SOURCE DATA =
_ _ _ _

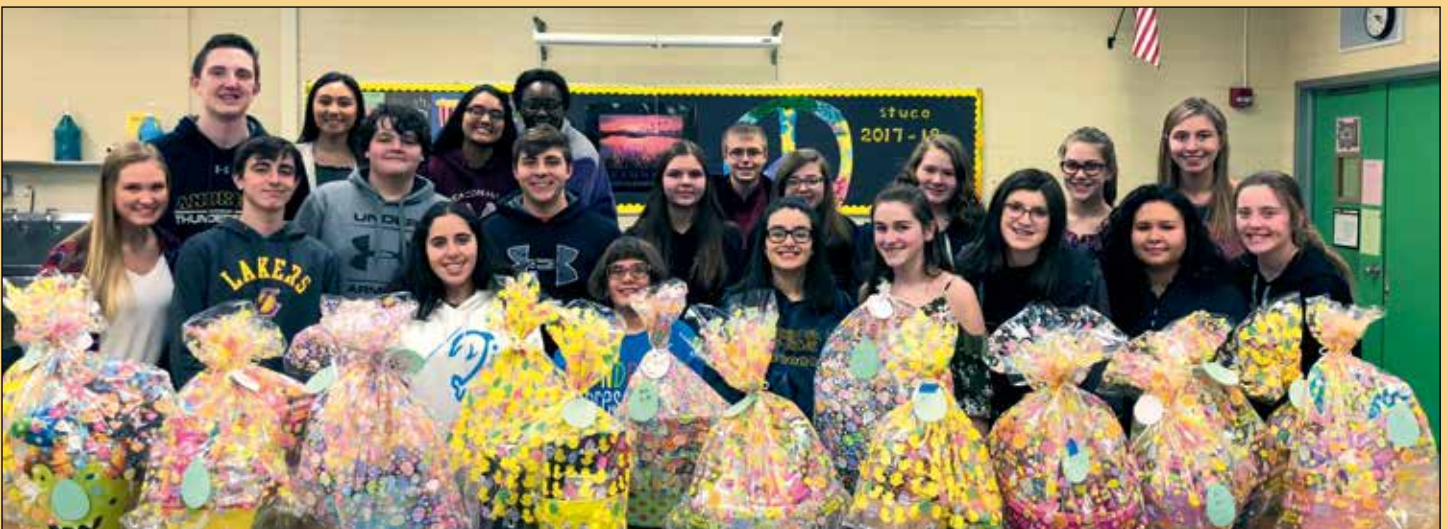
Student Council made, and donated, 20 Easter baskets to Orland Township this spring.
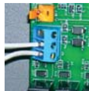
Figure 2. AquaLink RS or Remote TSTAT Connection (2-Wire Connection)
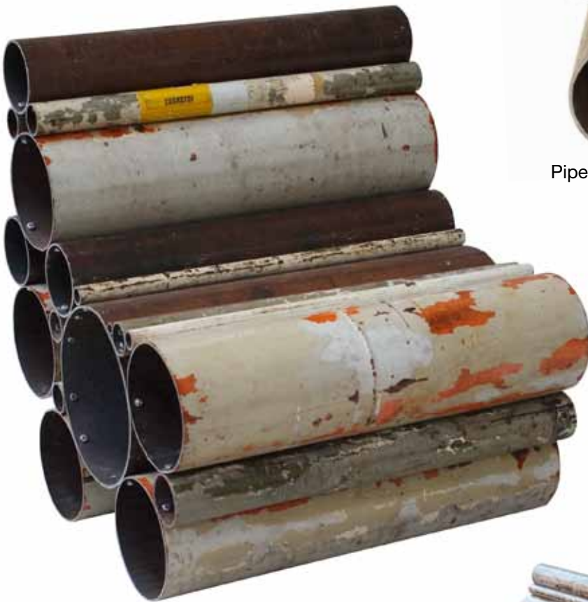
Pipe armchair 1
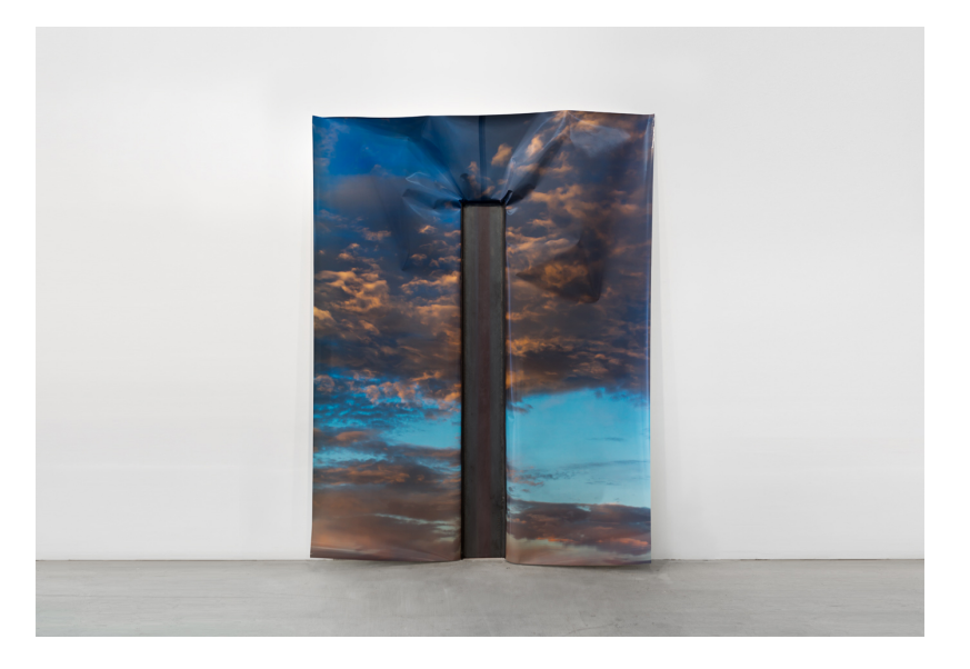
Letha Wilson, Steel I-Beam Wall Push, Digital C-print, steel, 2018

_ _ _ _

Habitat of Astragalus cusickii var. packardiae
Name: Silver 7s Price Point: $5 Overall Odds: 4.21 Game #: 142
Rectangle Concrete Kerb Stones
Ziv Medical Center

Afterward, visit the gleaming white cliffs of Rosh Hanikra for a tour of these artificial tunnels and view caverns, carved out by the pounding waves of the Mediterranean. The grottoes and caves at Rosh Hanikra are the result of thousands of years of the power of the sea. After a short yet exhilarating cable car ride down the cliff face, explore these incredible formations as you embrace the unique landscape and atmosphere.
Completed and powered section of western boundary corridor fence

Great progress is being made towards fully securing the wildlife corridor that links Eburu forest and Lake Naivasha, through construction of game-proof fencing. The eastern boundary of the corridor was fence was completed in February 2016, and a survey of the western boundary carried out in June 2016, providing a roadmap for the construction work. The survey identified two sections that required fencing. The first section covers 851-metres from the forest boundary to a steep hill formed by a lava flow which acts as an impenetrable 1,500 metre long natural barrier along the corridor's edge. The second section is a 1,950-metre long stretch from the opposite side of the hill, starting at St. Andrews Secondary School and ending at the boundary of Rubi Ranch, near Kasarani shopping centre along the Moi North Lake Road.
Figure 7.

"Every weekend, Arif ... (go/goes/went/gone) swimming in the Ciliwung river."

_ _ _ _

ASSIGNMENT =
In the data above, which lines include "western"? Return those lines.

TASK RESPONSE =
Completed and powered section of western boundary corridor fence
Great progress is being made towards fully securing the wildlife corridor that links Eburu forest and Lake Naivasha, through construction of game-proof fencing. The eastern boundary of the corridor was fence was completed in February 2016, and a survey of the western boundary carried out in June 2016, providing a roadmap for the construction work. The survey identified two sections that required fencing. The first section covers 851-metres from the forest boundary to a steep hill formed by a lava flow which acts as an impenetrable 1,500 metre long natural barrier along the corridor's edge. The second section is a 1,950-metre long stretch from the opposite side of the hill, starting at St. Andrews Secondary School and ending at the boundary of Rubi Ranch, near Kasarani shopping centre along the Moi North Lake Road.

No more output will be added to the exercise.